You are cordially invited to attend the next public STIAS lecture of 2018. This presents an opportunity to academics, researchers and students at universities of the Western Cape, as well as members of the public, to learn more about the work of STIAS fellows and associates.
Seating for the event is limited and must be reserved in advance:
RSVP by 12h00 on Thursday 1 November with Ms Nel-Mari Loock [email protected]
On this occasion Professor Jian-Wei Pan, Director: Division of Quantum Physics and Quantum Information at the University of Science and Technology of China, Hefei will present a talk with the title:
From Einstein’s Curiosity to New Quantum Technologies
Professor Jian-Wei Pan
This event will be streamed live at https://www.youtube.com/channel/UCNCAcXCVa1QjpO8q3OpIQ5w
Abstract
Quantum information science and technology are emerging and fascinating technologies formed by combining coherent manipulating of individual quantum systems and information technology. This enables secure quantum cryptography (quantum communication), super-fast quantum computing, revealing the laws of complex physical systems (quantum simulation), and improving measurement precision (quantum metrology) to beat classical limits. This presentation will highlight some of our progress with quantum communication, quantum computing, quantum simulation and quantum metrology, based on photons and atoms.
From a fundamental point of view one is led to the concept of quantum entanglement as applied to the quantum superposition principle for a multi-particle system. The associated ‘spooky action at a distance’ phenomena referred to by Einstein, is often explained by the seemingly reasonable assumptions of “local realism”. In this context the inequalities proposed by John Bell and others provide immediate tests for the correctness of quantum mechanics. Many efforts address loophole-free experimental tests of Bell’s inequalities, attempting to close various loopholes; some are still to be settled, including the freedom of choice loophole.
Tests are on-going, but already developed ground-breaking technologies for coherent manipulation of quantum systems offer elegant and feasible solutions to the increasing needs for computational power and information security. Based on state-of-the-art fiber technology and rich fiber resources, we have managed to achieve prevailing quantum communication with realistic devices in a real-life situation. This includes developing a decoy state scheme over 100 km fibre, extending its employment to a metropolitan area network, as well as maintaining Measurement Device Independent Quantum Key Distribution (MDI-QKD) over 400km. We are also developing practically useful quantum repeaters that combine entanglement swapping, entanglement purification, and efficient and long-lived quantum memory for ultra-long distance quantum communication.

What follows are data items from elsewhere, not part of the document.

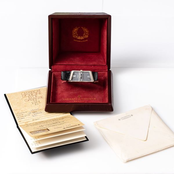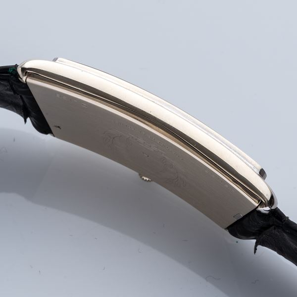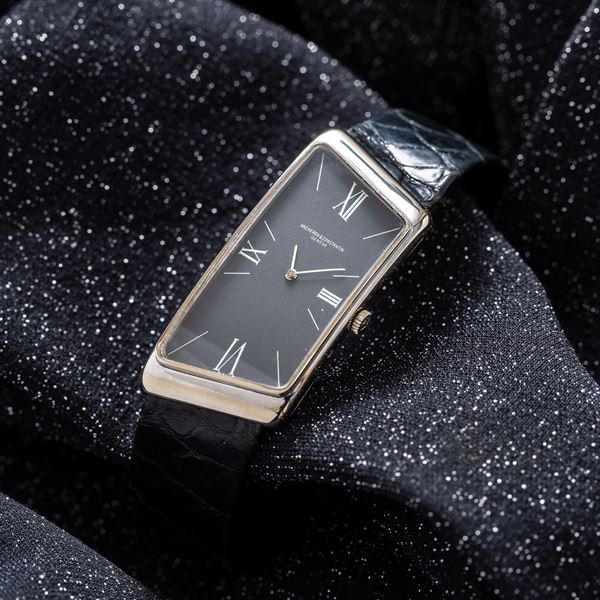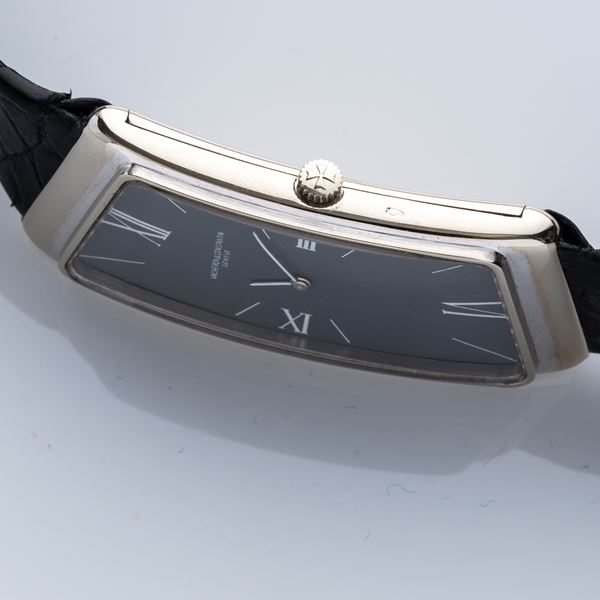 Note: Orologio con cassa asimmetrica curva in oro bianco 18kt. Quadrante grigio con indici a bastone e romani ad ore tre, sei, nove e dodici bianchi. Sfere a bastone bianche. Vetro minerale curvo. Cinturino in pelle e fibbia AW in oro bianco 18kt Vacheron Constantin.
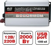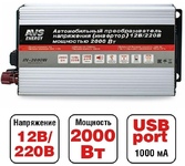 Описание Автомобильный адаптер (инвертер) 12/220V позволяет владельцам автомобилей в дорожных условиях сделать возможной работу бытовой аудио-видео техники, компьютера, ноутбука и прочей оргтехники. Встроенная схема защиты предохраняет устройство от преждевременного выхода из строя в случаях низкого или высокого входного напряжения, неправильной полярности, короткого замыкания во входных цепях питания подключаемого устройства. Характеристики •Входное напряжение: 12В •Выходное напряжение: 220В •Выходная частота: 50Гц •Номинальная мощность: 2000Вт •Допустимая пиковая мощность: 4000Вт •Размеры: 35 х 20 х 7 см •Защита от короткого замыкания •Защита от перегрева Материал: металл, пластик Комплектация Преобразователь Провода
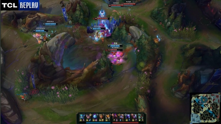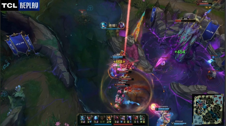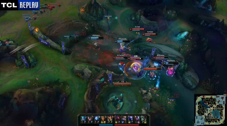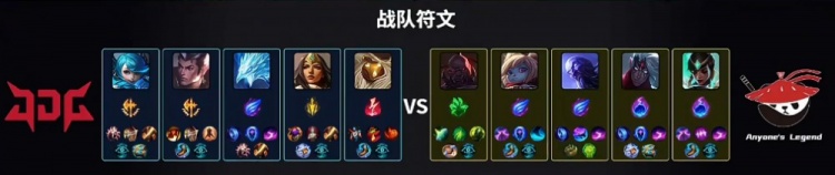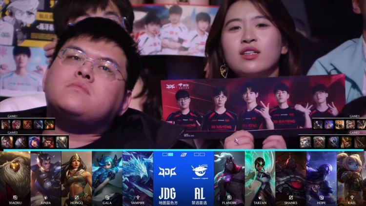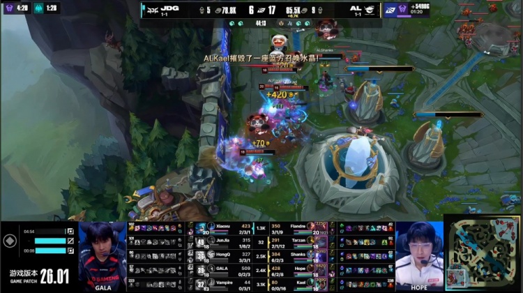 后期Tarzan波比野区关键壁咚HongQ冰鸟将其击杀,Shanks瑞兹连续收割,Vampire巴德带崩JDG,AL连续拿下大龙与水龙魂反超经济,最终AL推平JDG基地扳回一城。
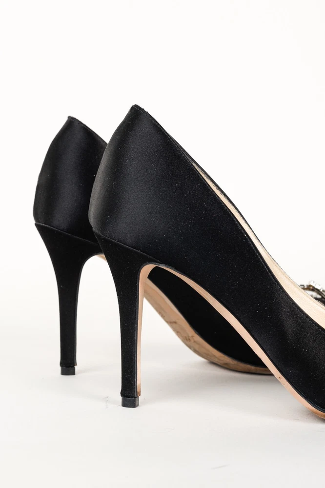 Circa 2016, the Veil 85 pumps from Jimmy Choo are crafted in a black satin, and are embellished with crystal bows on the vamps. They feature covered stiletto heels, closed pointed toes, and leather lining and soles. Size: 38 (US 7.5) Condition: Excellent; very light marking on upper, very light scratching on toes, light signs of wear on insoles, moderate wear on outsoles. Comes with dustbag and box. Approximate Measurements: Insole Length: 9.5” (24 cm) Heel Height: 3.5” (9 cm) Composition: Satin upper, crystal embellishments, leather lining and soles.
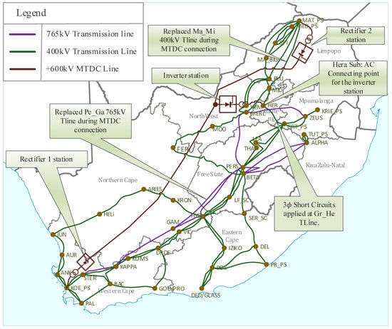 The DC systems are gaining more publicity and are expected to have rapid growth in both the short and long run. Many researchers have compared their mechanisms, structures, topologies and other control measures []. Studies on the leveled cost, expected growth, configurations and deployment are all mentioned in [,]. On power system interarea oscillations, the convectional solution is by careful coordination of the generator’s power system stabilizer and the automatic voltage regulators. Other secondary controllers such as the governor are added for better reliability of these generating plants. Elizondo et al., in [], gave comprehensive literature on the problems arising, from small signal stability to the future trend. On the South African grid, Minnaar et al., in [], recorded different types of faults that occurred along the South African transmission network. They further conducted a reliability check of the grid based on the probabilistic fault performance parameters with respect to the season, time of day and climate. They found that most of the fault on this grid is due to bird streamers, with 38% occurrence, lightning with 26% and fires with 22%. Additionally, in [], Corsi et al. applied a coordinated automatic real-time secondary voltage regulator (SVR) to the South African transmission grid, thereby providing improved power quality and controllability and stability to the grid. The study on the impact of the HVDC link on the South African grid during a three-phase short circuit was further carried out by Mbangula et al. []. This study investigated the rotor angle stability of the South African transmission grid, focusing only on a two-terminal converter technology. Oni et al. discussed the modeling of a multiterminal HVDC (MTDC) system in [] and evaluated the performance analysis using a single machine infinite bus system and four area machine networks in [] and [], respectively. They found out that the MTDC network significantly improves during a system disturbance. However, those studies in the literature did not focus on the impact of a complementary controller on the MTDC link or analyze the dynamic study of the MTDC link on the South African network, especially on the 765-kV corridor. Additionally, there is limited literature on the analysis of this 765-kV corridor of the Eskom South grid. Besides, the current Line Commutated Converter (LCC) HVDC on Eskom is a ±533 kV Cahora Bassa HVDC link; therefore, it will be a novel contribution to the body of knowledge to analyze this transmission network with the usage of a MTDC scheme. Another contribution is the implementation of a complementary controller for better damping of the oscillations during fault on the AC grid.
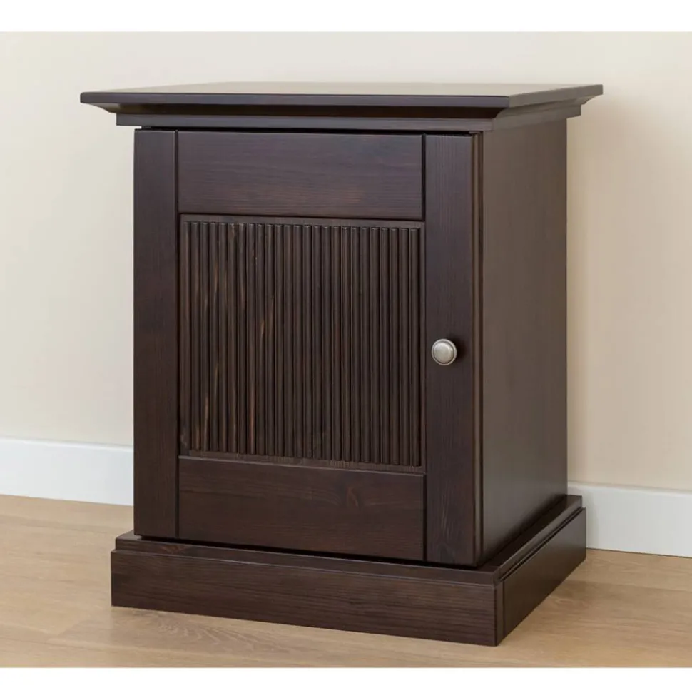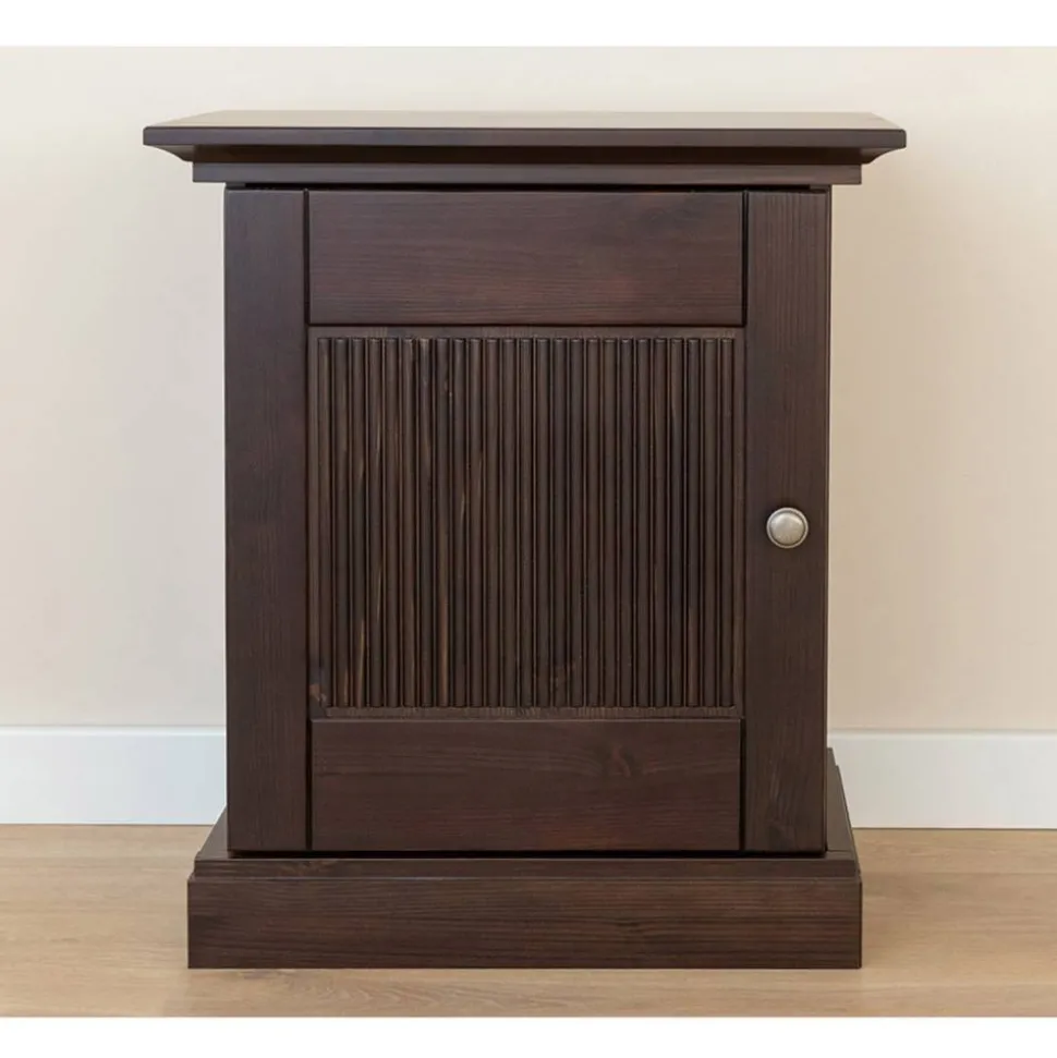 Ein besonderes Highlight ist die formschöne, leicht überstehende Deckplatte mit elegantem Profil. Die Front der Tür zeigt dekorative Rillenfräsungen, die dem Nachtschrank eine dezente Struktur verleihen. Die Tür ist mit hochwertigen Soft-Close-Beschlägen aus Metall ausgestattet und schließt dadurch angenehm leise. Der Innenraum wird durch einen verstellbaren Einlegeboden in zwei praktische Fächer unterteilt – perfekt, um persönliche Dinge ordentlich zu verstauen. Ein schlicht-charmanter Knopfgriff aus Metall in Altsilber setzt dabei einen harmonischen Akzent.

Another goal is to attain global quantum communication via satellite. We have spent the past decade performing systematic ground tests for satellite-based quantum communication. Our efforts finally ensured the successful launch of the Micius satellite which very recently was operated as a trustful relay for intercontinental QKD between Beijing and Vienna over a distance of 7600 km.
Future prospects include building a global quantum communication infrastructure with satellite and fiber networks, quantum computing through coherent manipulation of more than 50 qubits to exceed the simulating power of the best current supercomputers, reaching “quantum supremacy”, and a Bell-test experiment with a human as observer at a distance of the order of one light-second.
Jian-Wei Pan is Director: Division of Quantum Physics and Quantum Information at the University of Science and Technology of China in Hefei and holds a PhD from the University of Vienna (1999). During his early career in Austria as a PhD student and later as a senior scientist, Pan and his colleagues achieved a seminal series of breakthroughs in quantum communication. His first quantum teleportation experiment reported in 1997 was selected by Nature as one of the 21 classic papers in physics published by Nature in 20th Century. Pan performed the first entanglement swapping experiment, which was later selected by Science magazine as one of the top ten breakthroughs of 1998. These experiments established the fascinating scientific possibility of transferring quantum states of one object to another over arbitrarily long distances in a disembodied way, ie without physically transporting the object itself.
He has focused on developing experimental methods to coherently control multiple photons for the creation of multiparticle entanglement – a concept first recognized by Einstein, Schrödinger et al. and is at the heart of quantum physics. He has developed the world’s first three- and four-photon entanglement, and used them to perform the first Greenberger-Horne-Zeilinger experiment that showed stark contradictions between Einstein’s local hidden variable theory and quantum mechanics. He theoretically proposed, and experimentally demonstrated his own idea of entanglement purification of arbitrarily noisy entangled state using only linear optics. These work offers a powerful tool to beat the undesired abundant decoherence effects for achieving long-distance quantum communication and scalable quantum computation.
Pan was appointed as Yangtze Chair Professor of Physics by the Chinese Ministry of Education in 2002. There he brought research on quantum information science in China to a world leading level. He accumulated records for creating the world’s first five-, six-, eight-, and ten-photon entanglement. Pan has developed the first s-shell pulsed resonant excitation method—the cleanest way—to generate single photons with near-unity indistinguishability, which is now adopted by nearly all the leading groups worldwide. By combining with solid-state cavity-QED, he created the first single-photon source that simultaneously combines near-perfect single-photon purity, indistinguishability, and efficiency (selected as Optics in 2016 by OPN), opening the way to multi-photon experiments with semiconductor quantum dots. These experiments gave rise to further technologies for new quantum information protocols, such as optical quantum computation.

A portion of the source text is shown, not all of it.